Harrigan M R
Department of Surgery, Section of Neurosurgery, University of Michigan, Ann Arbor, Michigan, USA.
Crit Care Clin. 2001 Jan;17(1):125-38. doi: 10.1016/s0749-0704(05)70155-x.
There is significant evidence to show that many patients with hyponatremia and intracranial disease who were previously diagnosed with SIADH actually have CSW. The critical difference between SIADH and CSW is that CSW involves renal salt loss leading to hyponatremia and volume loss, whereas SIADH is a euvolemic or hypervolemic condition. Attention to volume status in patients with hyponatremia is essential. The primary treatment for CSW is water and salt replacement. The mechanisms underlying CSW are not understood but may involve ANP or other natriuretic factors and direct neural influence on renal function.
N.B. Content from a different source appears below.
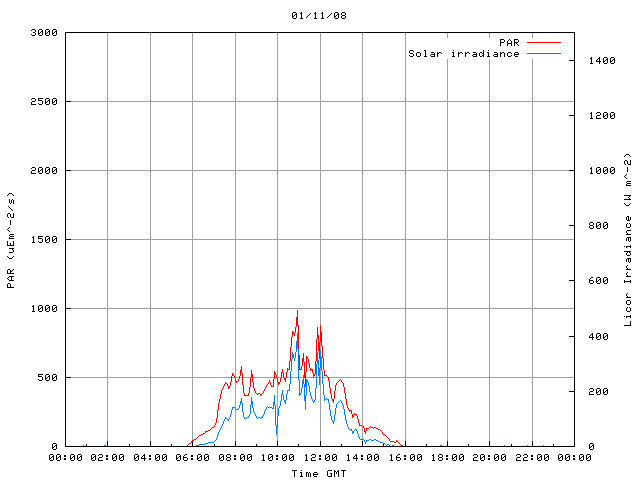 The PML meteorological station, situated on the south-west corner of the building roof, consists of a Hygroclip S3 temperature and humidity sensor housed in a radiation shield, a Mierij Meteo solid state wind sensor (MMW-005), a Chelsea instruments half-hemisphere PAR sensor, a Li-Cor pyranometer (LI-200SZ) and an Omni Instruments 6" tipping bucket raingauge (RG200). The data are logged every 5 minutes using a Pace Scientific XR5 data logger. The real-time rainfall data is likely in error - the correct values will be displayed after a time lag of approximately 24 hours. The meteorological station is sheltered from winds in the north-east and underestimates winds from this quarter. To use these data please contact Dr Tim Smyth.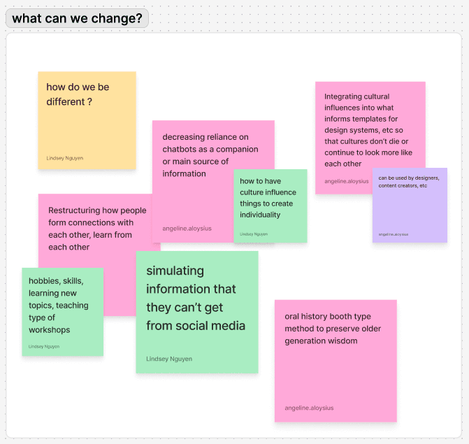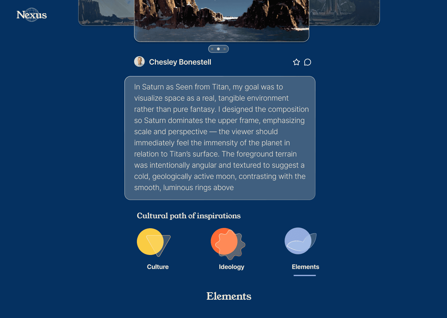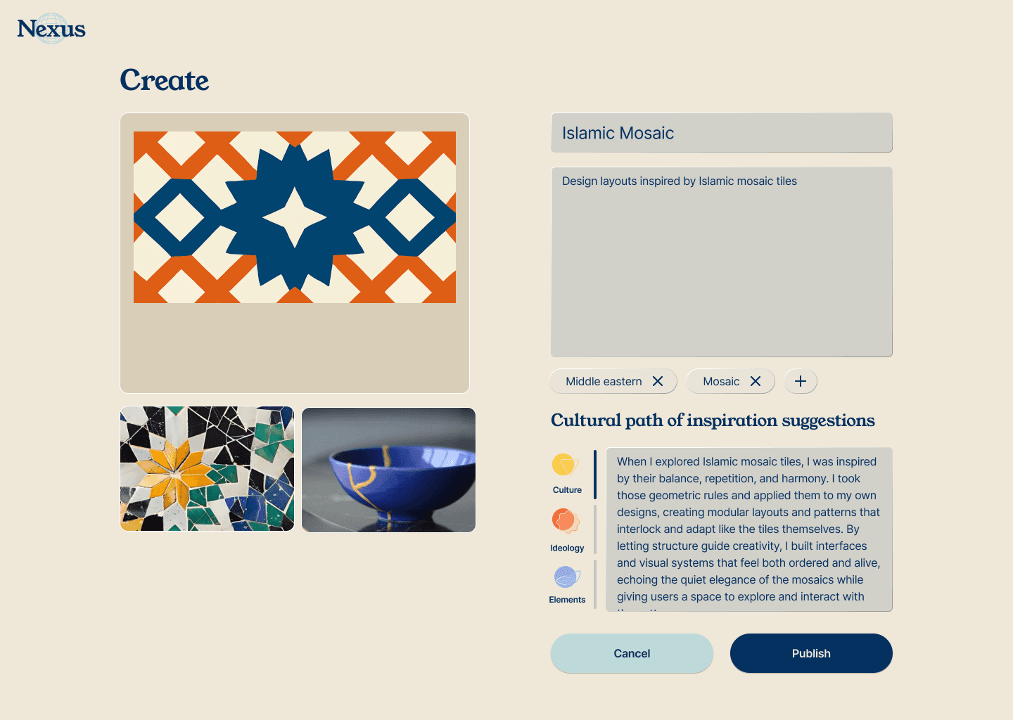By providing designers with these tools that encourage cultural exploration and self-reflection, Nexus helps reduce the reliance on AI-generated trends and re-centers human intent and identities in the creative process. This allows designers to think critically, create consciously, and make their own creative decisions. This allows for people to express their individuality through their creative work more effectively. By helping people become more informed creatives, we can ensure culture and shared communal knowledge is being preserved and not lost within trends, allowing for more representation in design overall.

Future investigation is needed to better define the incidence of CSW in patients with intracranial disease, identify other disorders that can lead to CSW, and elucidate the mechanisms underlying this syndrome.
有大量证据表明,许多先前被诊断为抗利尿激素分泌异常综合征(SIADH)的低钠血症和颅内疾病患者实际上患有脑性盐耗综合征(CSW)。SIADH和CSW之间的关键区别在于,CSW涉及肾盐丢失导致低钠血症和容量丢失,而SIADH是一种等容或高容状态。关注低钠血症患者的容量状态至关重要。CSW的主要治疗方法是补充水和盐。CSW的潜在机制尚不清楚,但可能涉及心钠素或其他利钠因子以及对肾功能的直接神经影响。需要进一步研究以更好地确定颅内疾病患者中CSW的发生率,识别其他可导致CSW的疾病,并阐明该综合征的潜在机制。